I also assume that HTR is not utilized in situations that don't warrant a sizeable on-site staff, because if something is not insanely well protected, the delay of HTR response is going to be a huge factor. 99% of the time, a lightly defended objective will either be secured or long gone by the time HTR can be there. We're talking serious installations, to be both practical and worth the expense. This, I think, answers a number of your questions. I say 'good' security, in this situation, meaning staff and resources that can be reasonably expected to keep a very important and expensive target secure under most circumstances.

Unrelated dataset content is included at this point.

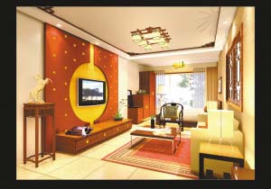 裝飾中式風(fēng)格的婚房需要在色彩上加以渲染,但不建議大面積鋪陳,可以以暖色為主。如墻、床頭背景的“中國紅”底色,強(qiáng)調(diào)了主題。而沙發(fā)背后的墻面,因為怕大面積紅色太“煩躁”,特地采用淺花紋的壁紙,既突出了婚房的主題,又顯得干凈清爽,同時更好地襯托了對面的電視背景墻。

I am all about runners making tracks when things get violent. Seriously, there is no other option for a runner that wants to blow out the candles on his next soy-based birthday cake. Even if there is no such thing as HTR, normal corpsec can surround you and cut off escape if you take too long, and then you're done. My character's prologue involved a bad team that tried to stand and fight KE after a firefight in a bar, and he disguised himself as an injured bystander, took an ambulance ride, and bailed out en route. Never even asked if those guys survived, because screw that. The point being, you bail FAST when violence starts, and it's not just HTR you're avoiding.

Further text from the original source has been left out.